Markov chain Monte Carlo sampling

A simulated annealing algorithm was used to perform maximum-likelihood estimation for the extensive parameterization approach. The algorithm is described in Rodrigue et al. (2007), and works as follows. Update operators are applied on θ and x (see, e.g., Rodrigue and Lartillot 2012, for explanations on Markov chain Monte Carlo (MCMC) update operators), but when these operators propose changes to θ′ and x′ that result in a decrease in the likelihood score, the proposed change is accepted with a probability proportional to ${[p (D | θ^{'}, x^{'}) / p (D | θ, x)]}^{τ}$ , where τ is the inverse temperature parameter of the simulated annealing procedure. As τ increases, the MCMC sampler freezes, meaning that proposals that decrease the likelihood have a progressively lower probability of acceptance. A linear cooling schedule is applied, starting at τ = 1, increasing in steps of 500 every 5 cycles; each cycle includes 10 multiplicative updates to each branch length, 10 profile updates to mutational parameters (ϕ and ϱ), and 15 profile updates to each of the site-specific amino acid variables (φ). The algorithm’s cooling is terminated at τ = 10, 001, and the chain is allowed to proceed for another 1000 cycles. Each simulated annealing run requires about 4 weeks on one hyper-threaded core of an Intel i7 processor.

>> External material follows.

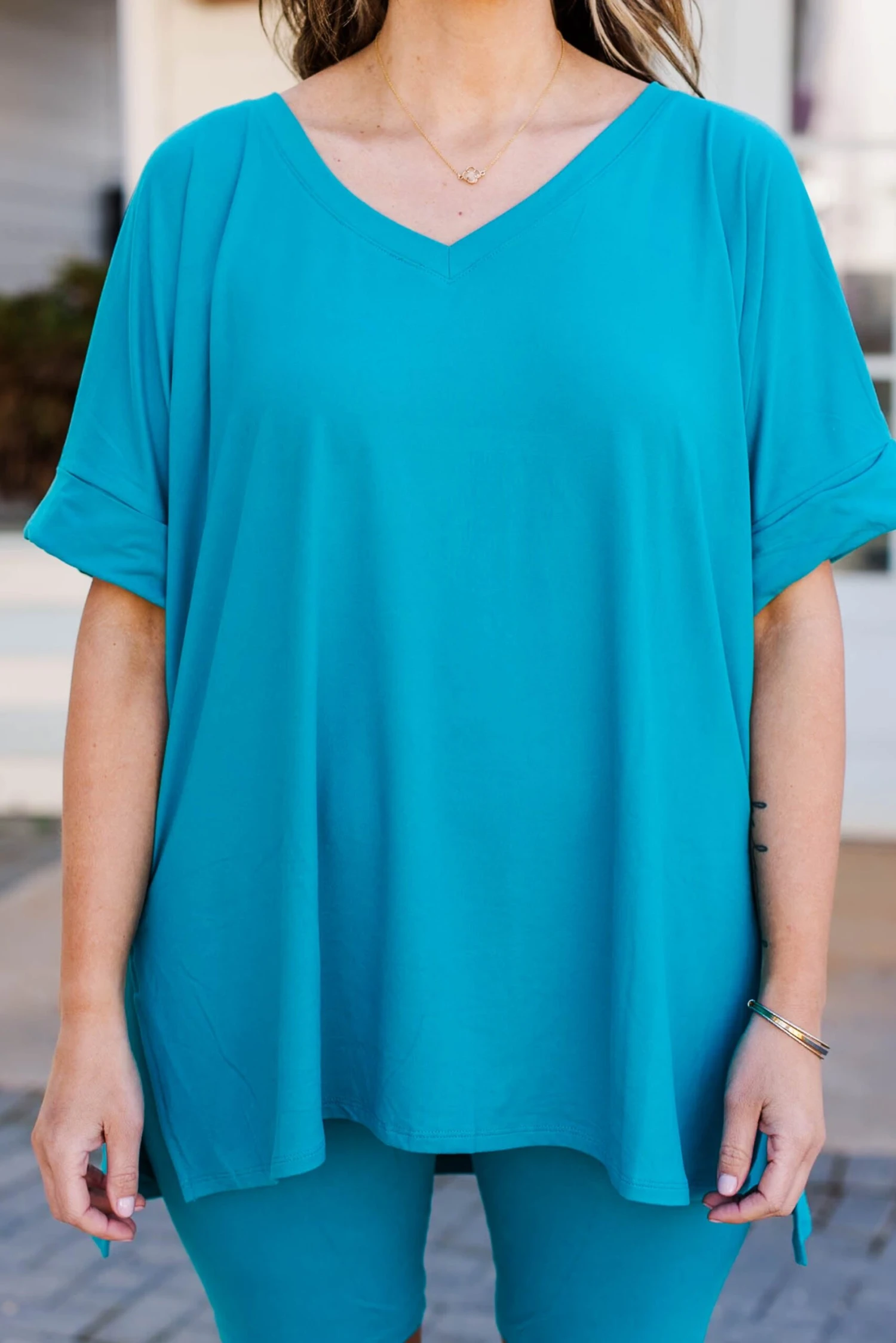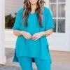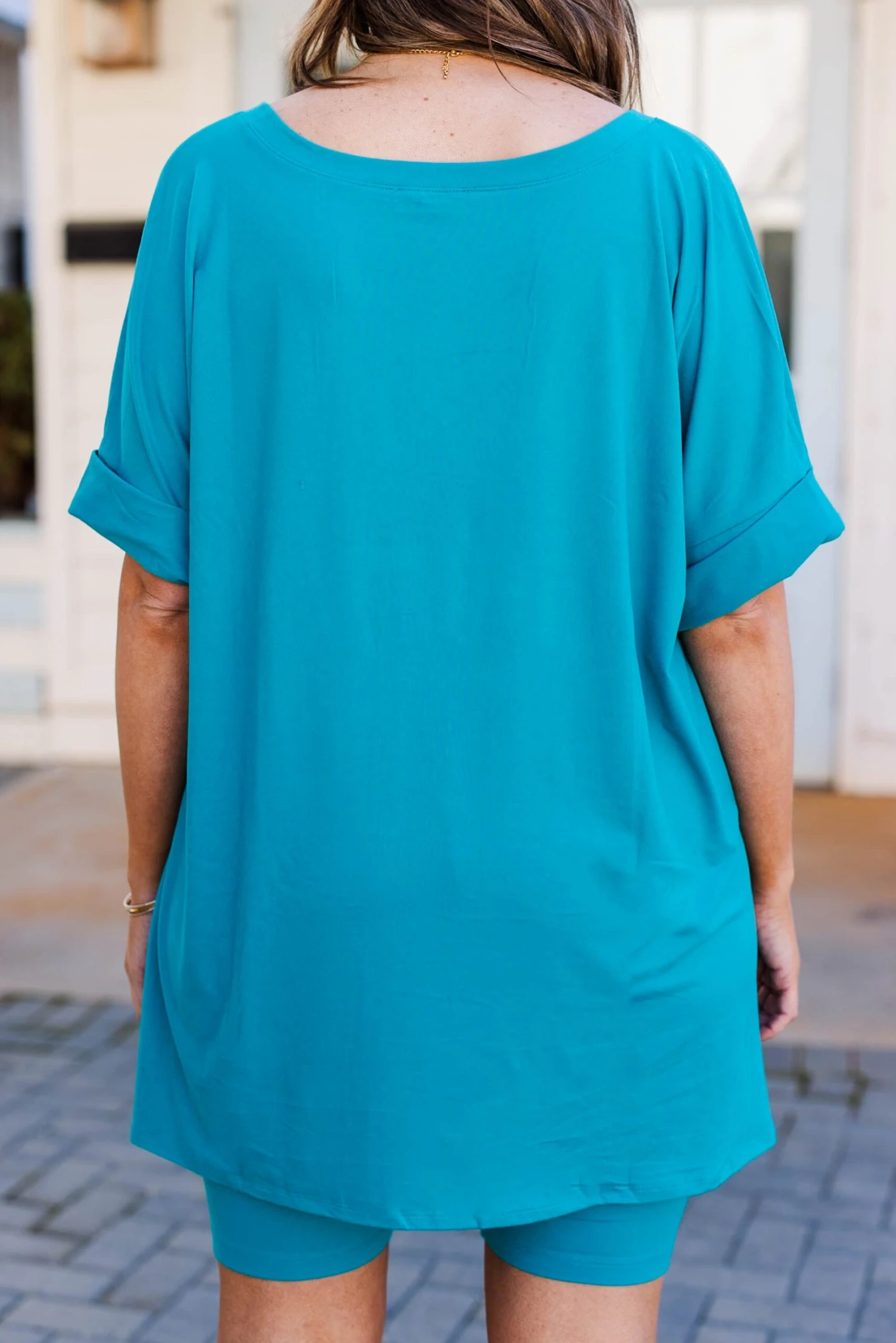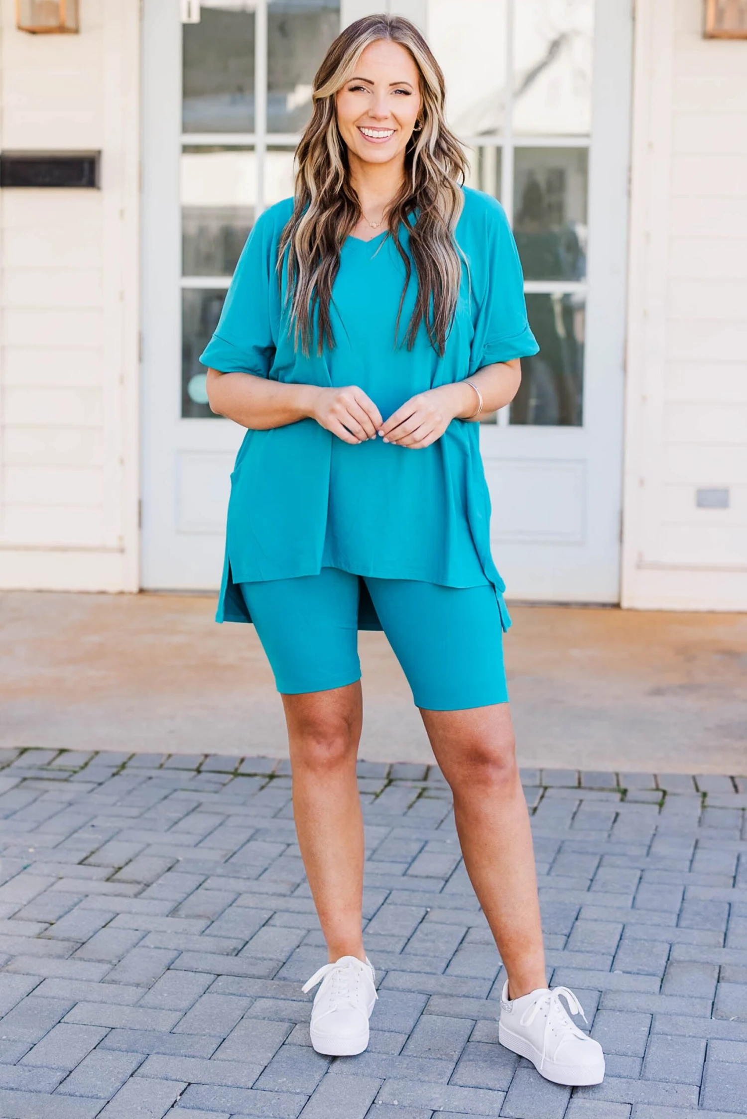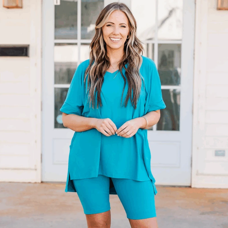 This gorgeous set is definitely a necessity! The light teal color is just what you need for the season and the comfy fit is perfect for all day wear! The stretchy, figure flattering fit of the top and bottom make this set a must-have! Pair this set with some cute accessories and sandals or sneakers for an everyday chic look!

For Bayesian posterior sampling, a data-augmentation MCMC sampling system (see, e.g., Rodrigue et al. 2008b) was applied. Such a system, which is not compatible with the simulated annealing algorithm, is much more efficient than a full pruning-based MCMC sampler and, critically for sampling from the posterior, allows for many more updates per cycle. The basic reason for this is that, conditional on a particular data augmentation, MCMC updates can be performed without invoking costly matrix exponentiation or pruning algorithms. These costly operations need only be done once per cycle, before drawing a new data augmentation. Altogether, each cycle includes 200 multiplicative updates to branch lengths, 100 profile updates to mutational parameters, 100 profile updates on site-specific amino acid variables, 100 updates on hyperparameters, and a (Gibbs-based) data-augmentation update. Draws were saved every five cycles until reaching a sample size of 1100, and the first 100 draws were discarded as burn-in. Bayesian MCMC runs require about 5 weeks of CPU time. Priors (under the approaches in the Bayesian alternatives subsection below) not discussed herein are as in Rodrigue et al. (2008a).

Results and Discussion

Extensive parameterization

First, adopting the extensive parameterization approach for the moment, branch lengths, mutational parameters, and site-specific amino acid variables were jointly adjusted to near-maximum-likelihood values. Near is used in the sense that although the simulated annealing runs converged quickly for the mutational parameters, and did so to values closely matching those reported by Tamuri et al. (2012) (at ${\hat{ϱ}}_{AC} = 0.069$ , ${\hat{ϱ}}_{AG} = 0.358$ , ${\hat{ϱ}}_{AT} = 0.037$ , ${\hat{ϱ}}_{CG} = 0.016$ , ${\hat{ϱ}}_{CT} = 0.438$ , and ${\hat{ϱ}}_{GT} = 0.081$ for the exchangeability parameters, and ${\hat{ϕ}}_{A} = 0.392$ , ${\hat{ϕ}}_{C} = 0.177$ , ${\hat{ϕ}}_{G} = 0.216$ , and ${\hat{ϕ}}_{T} = 0.214$ for the propensity parameters), branch lengths, and especially site-specific amino acid variables, were difficult to optimize. Using a dozen simulated annealing runs, it was found that, although having a sharply defined area of high likelihood, the likelihood surface has a weak gradient, particularly so with respect to amino acid variables, within this high-likelihood area. For the amino acid variables, this area has low values for those variables corresponding to amino acids unobserved in the alignment (see Figure 3, first and second rows). This property is another indication of a potential statistical problem: the guaranties of likelihood theory break down when the optimum is approached by having parameters tend to the boundary of the permissible space of values (e.g., to 0, in the present formulation) or having them grow unbounded (e.g., to −∞ in the formulation of Tamuri et al. 2012), since this is assumed not to be the case in traditional asymptotic derivations (e.g., Wald 1949). Proceeding regardless, small differences obtained across the simulated annealing runs did not substantially affect the distribution of selection coefficients inferred at stationarity, and the results from one run are displayed on the left side of Figure 1.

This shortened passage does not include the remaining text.